A coalition composed of various community, immigrants’ rights and environmental groups marched to Flushing Meadows Corona Park over the weekend to protest three proposed developments they say would deprive the park of its civic nature.
Members of the Fairness Coalition of Queens said plans to construct a Major League Soccer stadium on 10 to 13 acres where the Fountain of Industry sits should be considered in the context of two other proposed developments: the expansion of the United States Tennis Association’s facility and the proposed mall in the parking lot adjacent to Citi Field.
Combined, the three proposals would occupy several acres of parkland — which each project is required to replace — but since the soccer stadium has the earliest proposed build date, its environmental impact study would not take into account the other two projects.

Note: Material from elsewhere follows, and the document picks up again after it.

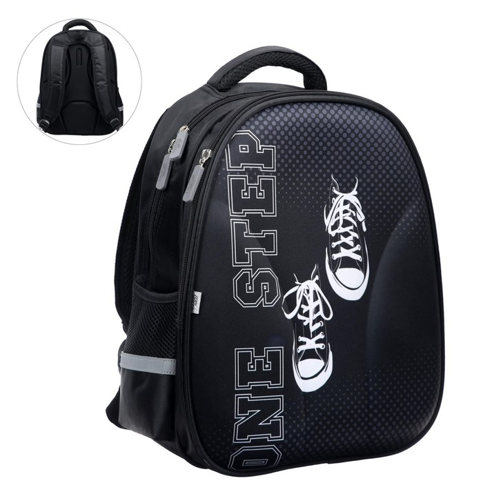 Формованная спинка устойчива к деформации, создана с учетом анатомического строения спины ребенка, имеет вентиляционные каналы для свободной циркуляции воздуха.Эргономичная вентилируемая спинка, широкие регулируемые лямки обеспечивают плотную фиксацию и равномерное распределение нагрузки на позвоночник, а усиленное дно, плотная ручка и петля для подвешивания делают рюкзак максимально удобным.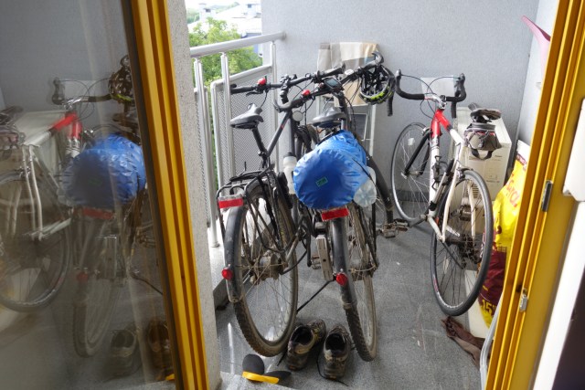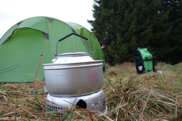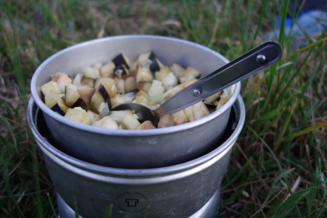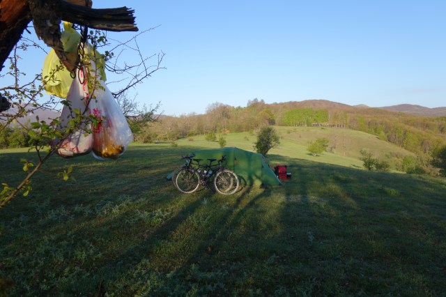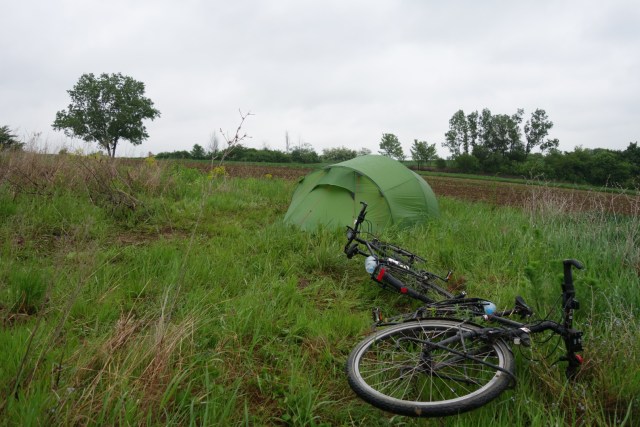 So fragen wir schließlich in einem Ort die Nachbarn einer unbebauten Wiese, ob wir dort zelten könnten. Unsere bewährte Notfallmethode. Die Frau gibt uns zu verstehen, dass dies absolut kein Problem sei. So schieben wir unsere Räder auf die etwas hügelige Wiese und während Vincent das Zelt aufschlägt fängt Leon an zu kochen. Heute gibt es Süßkartoffeln mit Auberginen-Paprika-Tomaten Pfanne. Sehr lecker!

“Any one would be a concern,” said Hilary Klein, of the Jackson Heights-based Make the Road NY, one of the coalition’s member groups. “But as far as the coalition is concerned, all three should be considered together as opposed to one at a time.”
More than 100 people marched from the Our Lady of Sorrows church in Corona to the proposed site of the stadium Sunday.

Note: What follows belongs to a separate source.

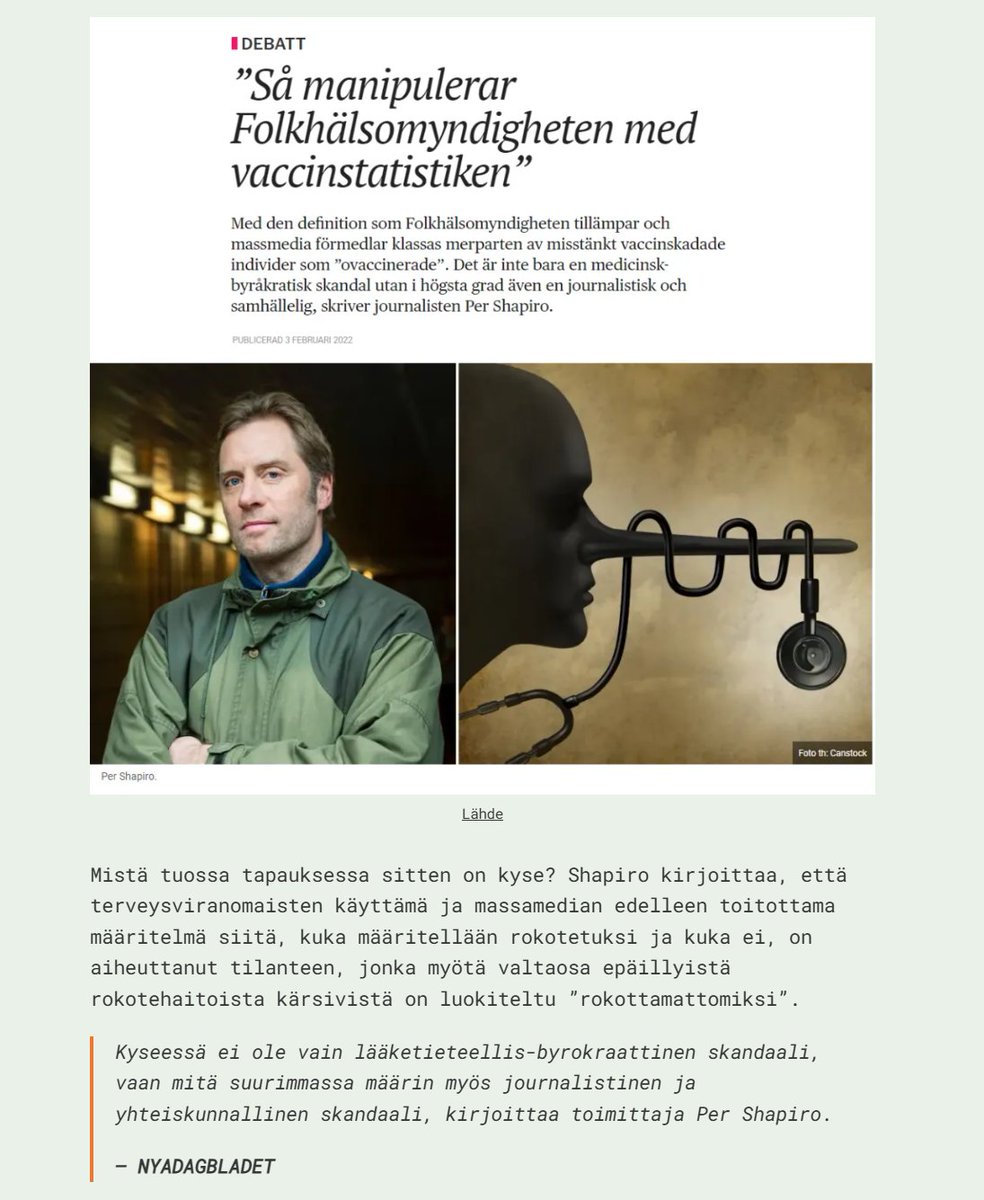 "Vuonna 2021, kun Yhdistyneen kuningaskunnan ONS (Office for National Statistics) alkoi julkaista rokotuksiin perustuvia kuolleisuusraporttejaan, havaitsimme, ettÀ rokottamattomien kuolleisuusluvuissa oli suuria piikkejÀ. NÀmÀ kuolleisuuspiikit osuivat samaan aikaan kuin rokotteen ensimmÀinen pÀÀasiallista kÀyttöönottoa koskeva vaihe, ja ne osuivat samaan aikaan jokaisessa ikÀryhmÀssÀ. ..

With Klein translating from Spanish, [Make the Road New York’s] coalition member Luis Gonzalez said the community’s passion for soccer did not translate to support for the stadium.

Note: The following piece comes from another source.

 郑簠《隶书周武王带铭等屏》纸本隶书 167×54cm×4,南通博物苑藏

“I play soccer in the park,” he said. “Our community loves soccer. But that doesn’t mean we want a soccer stadium right in the middle of the park. The kids in our community desperately need open space to exercise. Childhood obesity is a major problem. Where are our kids supposed to play?”
Klein said the group was focused mainly on the soccer stadium because it has gotten the most media attention as MLS has been publicly touting its plan, including a survey the league released last month showing support among Queens residents at a recent Borough Board meeting.
Major League Soccer has pledged $10 million to rehabilitate the park’s soccer fields and said the stadium would be a boon to the eastern edge of the park, which suffers from neglect, but Klein said that was not a fair trade-off.
“That’s not an excuse for a corporate project in a public park,” she said. “There are other solutions.”
Over the past two years, City Councilwoman Julissa Ferreras (D-East Elmhurst), whose district includes the park, has allocated $2.5 million to replace six of the park’s soccer fields.
Ferreras said she was excited about the prospect of bringing MLS to Queens, but she had serious concerns over the impact the stadium would have on the park.
“Also, I continue to hear serious concerns from my community about all these development plans for our park. In addition to the soccer stadium, there are plans for a mall, parking garages and the expansion of a tennis stadium — all inside our park. We are just at the beginning of this process,” she said. “I’m confident that we can all work together to improve the park for the betterment of the community.”